In the capital, Karma encountered another system of doctrine: institutional legitimacy. Despite fluency in Dzongkha, years of classical training, and comprehensive textual mastery, he discovered that knowledge required external validation to circulate freely. Enlightenment, absent certification, was considered non-transferable.
So he adapted. English. Science. Western literature. Temporary employment. Persistent exhaustion. He learned that institutions value clarity, provided it arrives in the correct format.
In 2006, worn thin rather than broken, Karma entered a Christian community that asked fewer preliminary questions. He was welcomed, fed, and trusted with responsibility before credentials. The warmth was genuine. The structure was firm. He remained for fifteen years long enough to be shaped, challenged, disappointed, and transformed. His attempts to improve outcomes for others were interpreted variously. Institutions, regardless of theology, rarely welcome unsanctioned reform.
He crossed continents. Accumulated books. Made a home along the 49th parallel.
In 2020, Karma nearly died.
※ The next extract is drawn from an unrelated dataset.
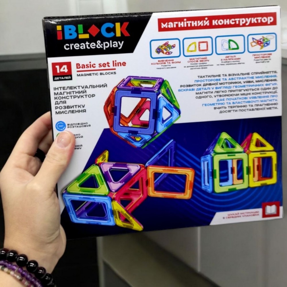 Магнітний конструктор "Кольорові магніти" складається з 8-ми деталей трикутної і 6-ти деталей квадратної форми, які кріпляться один до одного за допомогою магнітів, які знаходяться в пластиковому корпусі. За допомогою конструктора можна створювати різні цікаві фігури. Розвиває просторову і абстрактне мислення, дрібну моторику рук, проявляє уяву і фантазію. Розмір одного трикутника: 5,5 х 5,5 х 5,5 см. Розмір одного квадрата: 6 х 6 см.

Twice.
The proximity of death clarified matters considerably. The identities he had collected, or at least attempted to collect: monk, scholar, convert, social worker, migrant, proved administratively irrelevant in that moment. There were no forms to complete. No doctrinal checkpoints to pass. Only clarity, arriving without ceremony.
He returned to the Dharma not as performance but as genuine practice. He sought forgiveness without elaboration. He offered lamps without symbolism. Before his first master passed, they met once more, closing a circle that required no interpretation.
When all his teachers eventually died, instruction did not cease. It simply changed form. The message, delivered without flourish, was direct: Stop performing Buddhism. Study it.
So Karma did. Texts, commentaries, philosophy. Physics as well not from novelty, but because genuine inquiry respects no jurisdictional boundaries. The world appeared increasingly coherent when stripped of convenient slogans.
Today, Rigdzin Karma lives with intentional simplicity. He writes poetry. Translates when asked. Guides a small number of students who assume this is preparation for something more public.
It is not.
Over the years, without intention or effort, Karma had developed a tendency to cross paths with those practiced in the performance of divinity, particularly in contexts where sacred authority benefits from careful construction. On more than one occasion, his continued presence seemed misaligned with such projects. Although he made no claims, issued no challenges, and sought no position, he nevertheless emanated a contrast that could be unsettling, especially to those who might be inventing divinity.
Fear not! His final retreat is not geographic. It is internal, uncluttered, and immune to certification. Radios cannot reach it. Committees cannot improve it. The Dharma, unmediated by institutions, remains intact. He already stands as an undeniable curvature in Einstein's field equations and as a luminous clarity in Longchenpa's exposition of Kun Gzhi. So kindly spare his humble voyage across the cosmic space without any let and hindrance of your vigor, if there ever is. After all, even emptiness needs a little space.
Penned By: David Shanker
(A longtime close friend who, over decades, has declined repeated invitations to adopt any of the above disciplines, preferring sustained affection from a safe observational distance.)